### Data block
_ _ _

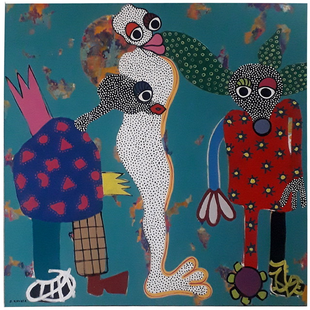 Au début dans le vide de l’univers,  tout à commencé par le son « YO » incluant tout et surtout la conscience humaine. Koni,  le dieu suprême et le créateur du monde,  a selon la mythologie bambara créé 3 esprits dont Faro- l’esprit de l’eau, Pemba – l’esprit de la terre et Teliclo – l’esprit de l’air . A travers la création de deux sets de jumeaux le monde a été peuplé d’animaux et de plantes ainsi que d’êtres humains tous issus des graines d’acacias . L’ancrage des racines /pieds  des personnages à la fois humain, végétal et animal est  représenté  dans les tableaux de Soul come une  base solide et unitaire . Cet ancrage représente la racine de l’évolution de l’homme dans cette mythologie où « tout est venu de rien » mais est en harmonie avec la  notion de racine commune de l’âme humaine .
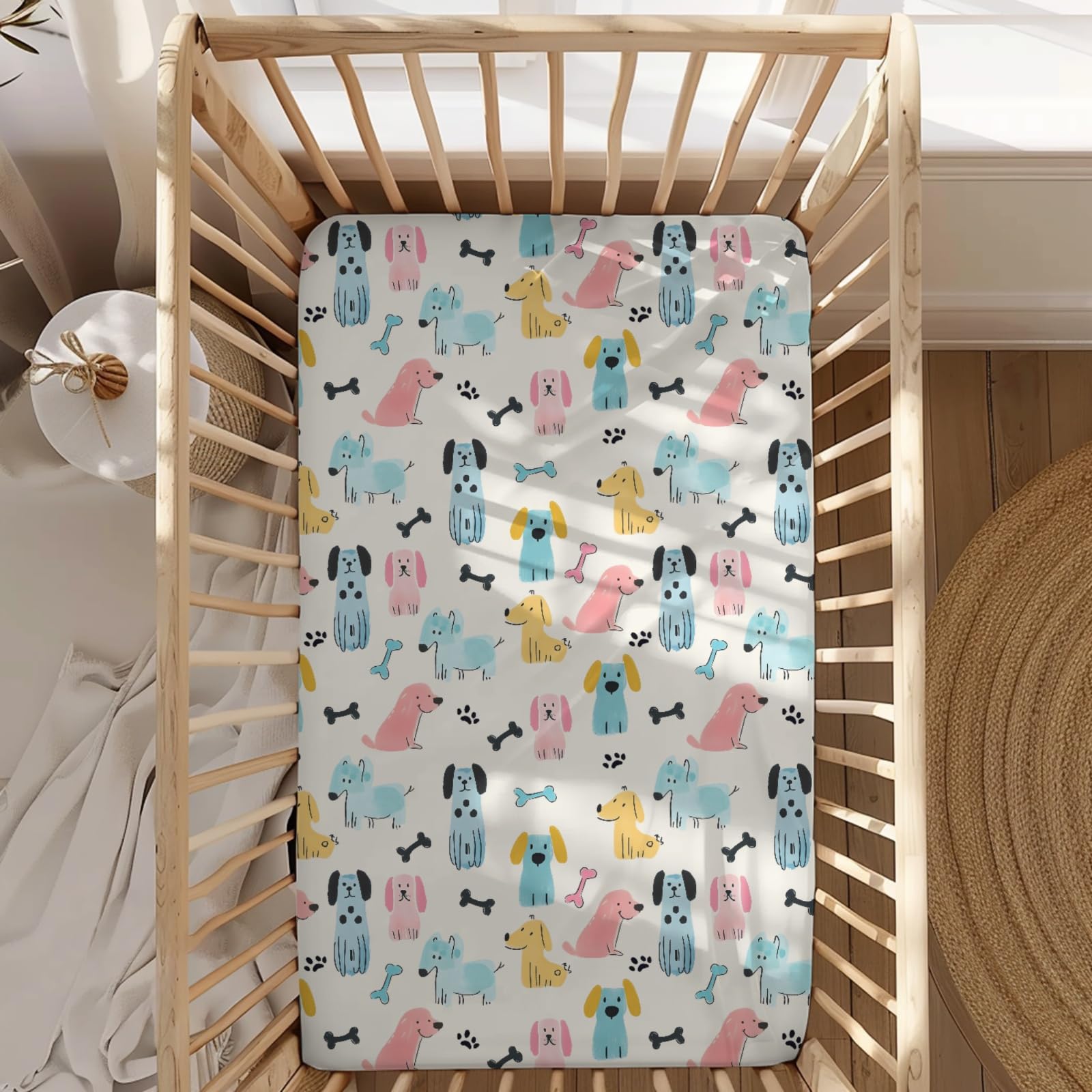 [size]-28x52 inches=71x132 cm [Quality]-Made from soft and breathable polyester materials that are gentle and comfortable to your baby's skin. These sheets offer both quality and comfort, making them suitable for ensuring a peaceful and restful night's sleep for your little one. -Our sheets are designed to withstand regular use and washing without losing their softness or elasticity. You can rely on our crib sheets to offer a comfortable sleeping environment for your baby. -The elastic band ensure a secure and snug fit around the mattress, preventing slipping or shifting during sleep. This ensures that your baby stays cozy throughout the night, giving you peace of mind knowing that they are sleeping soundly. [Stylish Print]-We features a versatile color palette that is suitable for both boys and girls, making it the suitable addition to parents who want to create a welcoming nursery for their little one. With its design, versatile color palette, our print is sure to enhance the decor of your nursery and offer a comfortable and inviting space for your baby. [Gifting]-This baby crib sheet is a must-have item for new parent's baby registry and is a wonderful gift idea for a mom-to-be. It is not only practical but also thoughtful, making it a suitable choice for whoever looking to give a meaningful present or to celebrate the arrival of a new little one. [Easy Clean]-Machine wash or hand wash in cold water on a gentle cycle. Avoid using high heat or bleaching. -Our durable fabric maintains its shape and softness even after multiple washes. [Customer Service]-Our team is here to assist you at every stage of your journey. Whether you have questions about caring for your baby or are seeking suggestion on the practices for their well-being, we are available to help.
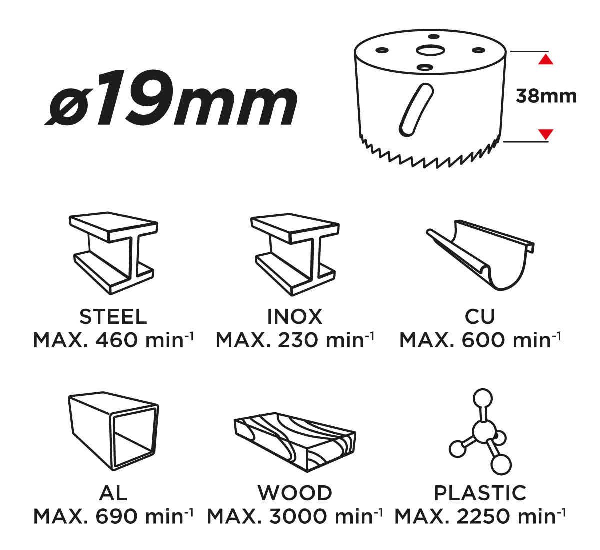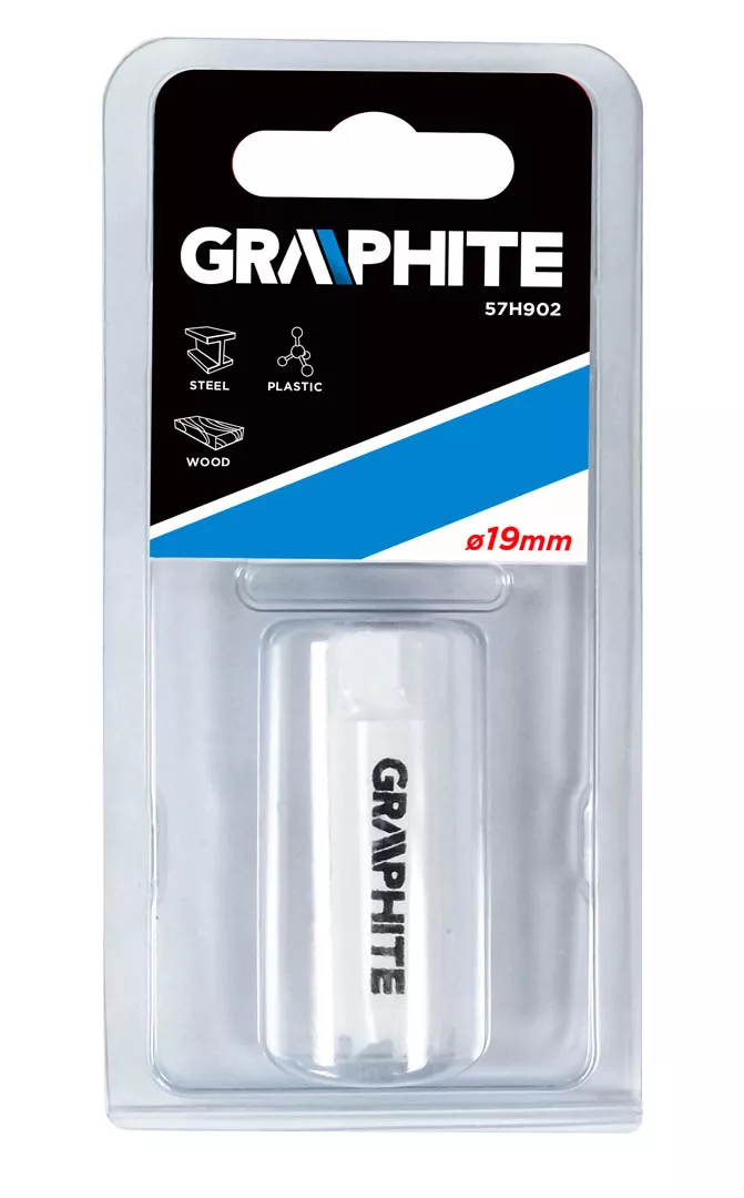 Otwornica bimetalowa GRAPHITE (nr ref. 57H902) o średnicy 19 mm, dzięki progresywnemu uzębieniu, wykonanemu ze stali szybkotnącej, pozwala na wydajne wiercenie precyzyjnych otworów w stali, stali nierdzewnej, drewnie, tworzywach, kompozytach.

_ _ _

### The task
Return the material in full and unaltered, minus its pictures.

### The completed task
 Au début dans le vide de l’univers,  tout à commencé par le son « YO » incluant tout et surtout la conscience humaine. Koni,  le dieu suprême et le créateur du monde,  a selon la mythologie bambara créé 3 esprits dont Faro- l’esprit de l’eau, Pemba – l’esprit de la terre et Teliclo – l’esprit de l’air . A travers la création de deux sets de jumeaux le monde a été peuplé d’animaux et de plantes ainsi que d’êtres humains tous issus des graines d’acacias . L’ancrage des racines /pieds  des personnages à la fois humain, végétal et animal est  représenté  dans les tableaux de Soul come une  base solide et unitaire . Cet ancrage représente la racine de l’évolution de l’homme dans cette mythologie où « tout est venu de rien » mais est en harmonie avec la  notion de racine commune de l’âme humaine .
 [size]-28x52 inches=71x132 cm [Quality]-Made from soft and breathable polyester materials that are gentle and comfortable to your baby's skin. These sheets offer both quality and comfort, making them suitable for ensuring a peaceful and restful night's sleep for your little one. -Our sheets are designed to withstand regular use and washing without losing their softness or elasticity. You can rely on our crib sheets to offer a comfortable sleeping environment for your baby. -The elastic band ensure a secure and snug fit around the mattress, preventing slipping or shifting during sleep. This ensures that your baby stays cozy throughout the night, giving you peace of mind knowing that they are sleeping soundly. [Stylish Print]-We features a versatile color palette that is suitable for both boys and girls, making it the suitable addition to parents who want to create a welcoming nursery for their little one. With its design, versatile color palette, our print is sure to enhance the decor of your nursery and offer a comfortable and inviting space for your baby. [Gifting]-This baby crib sheet is a must-have item for new parent's baby registry and is a wonderful gift idea for a mom-to-be. It is not only practical but also thoughtful, making it a suitable choice for whoever looking to give a meaningful present or to celebrate the arrival of a new little one. [Easy Clean]-Machine wash or hand wash in cold water on a gentle cycle. Avoid using high heat or bleaching. -Our durable fabric maintains its shape and softness even after multiple washes. [Customer Service]-Our team is here to assist you at every stage of your journey. Whether you have questions about caring for your baby or are seeking suggestion on the practices for their well-being, we are available to help.
 Otwornica bimetalowa GRAPHITE (nr ref. 57H902) o średnicy 19 mm, dzięki progresywnemu uzębieniu, wykonanemu ze stali szybkotnącej, pozwala na wydajne wiercenie precyzyjnych otworów w stali, stali nierdzewnej, drewnie, tworzywach, kompozytach.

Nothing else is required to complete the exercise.